The performances were enthusiastic and filled with fun. I think the ballerinas had the most trouble (limited, but sometimes present) when turning in the very middle of the stage, as this is necessarily a hastily constructed platform and there are likely a few buckles and bows on it.

The center of the stage also proved a tough spot for the evening's emcee--it seemed like Los Angeles's Ballet's co-director Colleen Neary was, er, tap-dancing for time quite a bit--either that, or there was a necessary educational component that came with the staging. The component largely noted for a very tolerant audience of about 2,500 how Ms. Neary knew Balanchine in this way and in that way and especially not in that way, though she was indeed only too glad to wear his perfume and she let us know she could count steps better than some other girls.

The company's Ally duo, principal dancers Allyssa Bross and Allynne Noelle, especially shone under the stars, weaving and chicken-winging and waitressing their way through the patented Balanchine modernism. I thought a couple of men a little too striving rather than secure with their performances, and caught a couple of very relieved smiles from them after they departed the stage.  The lighting was exceptional given the outdoor venue but the right speakers were unreliable and had to be taken offline during some segments, including the delicate court dance riff in Agon.

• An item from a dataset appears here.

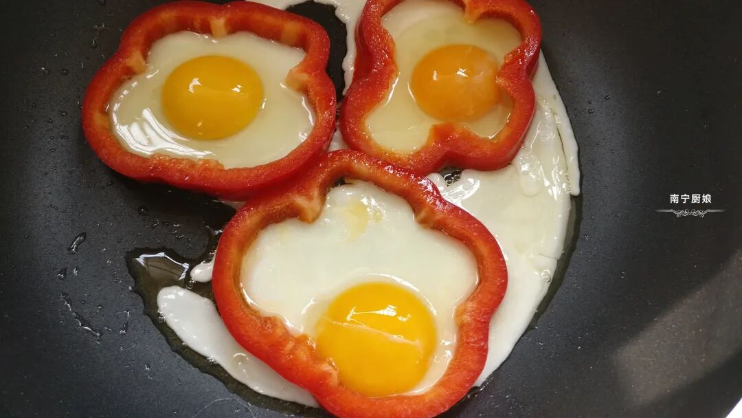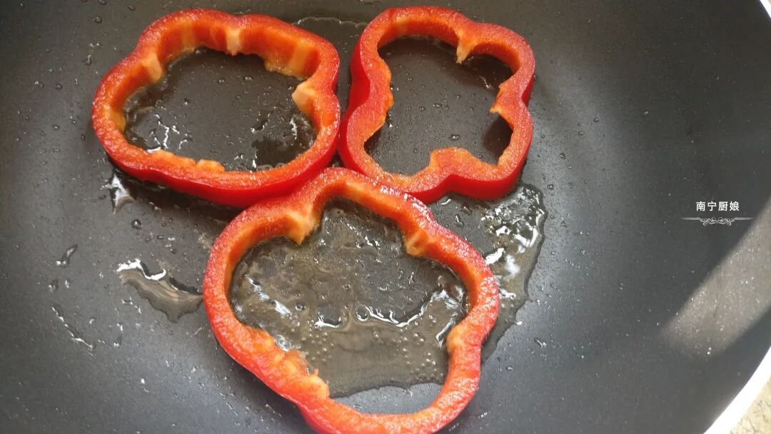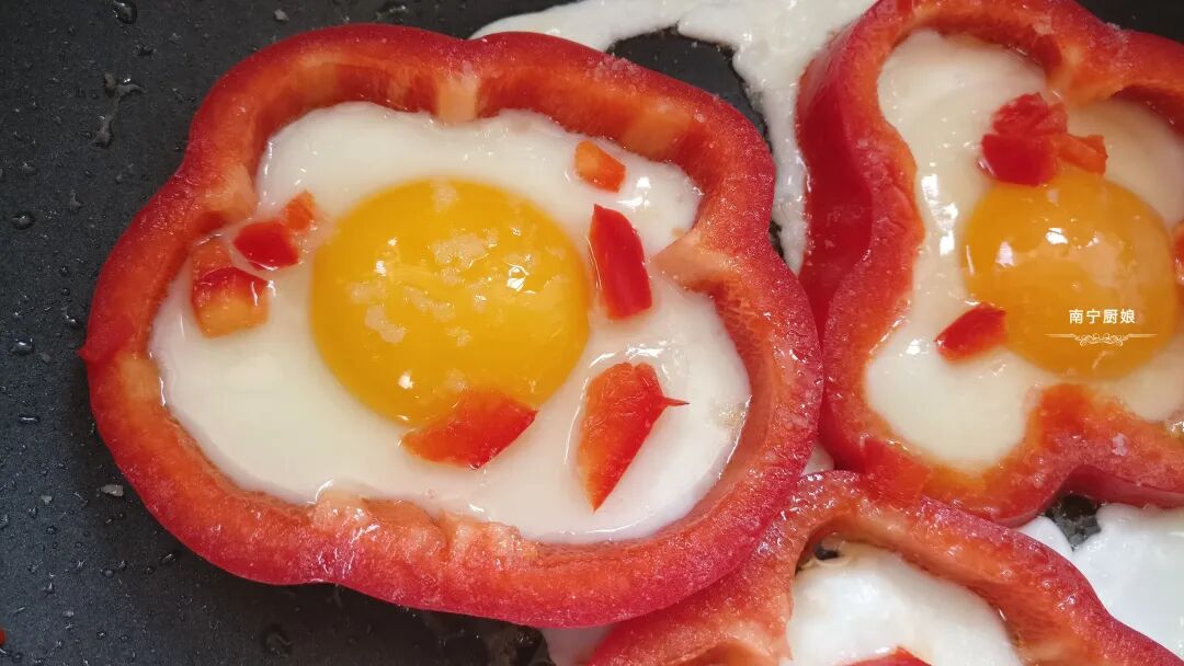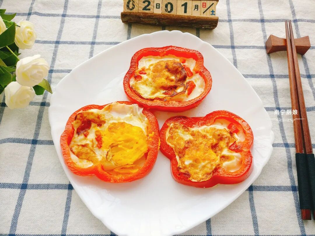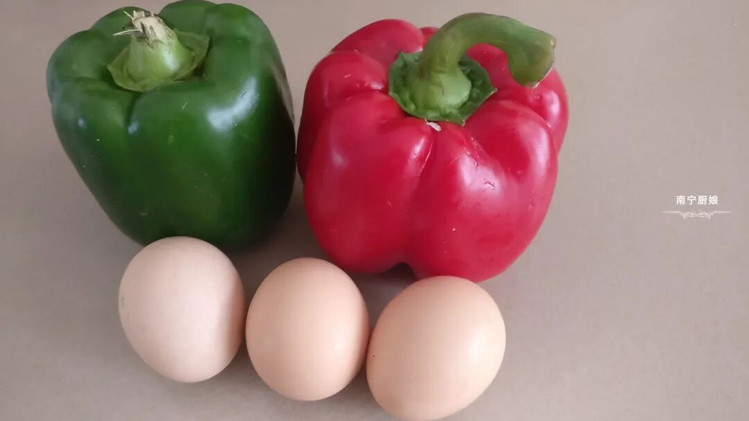 圆红甜椒1个、鸡蛋3个(几个人吃就几个鸡蛋)做法:

Neary's opening monolog, which was nearly as long as Rubies itself, was quite indulgent and she came across as more than snooty for the snootlessly minimally paying crowd on the lawn.  I am indeed so tired by now of hearing about how privileged we should consider ourselves that so-and-so lived here--it's demeaning to the people who have lived here and worked here all their lives.  But that's my thing. 

The Grilled Cheese Truck showed up to feed the masses, hitting the mark a little more precisely than Neary, creating a sideshow populist frenzy. 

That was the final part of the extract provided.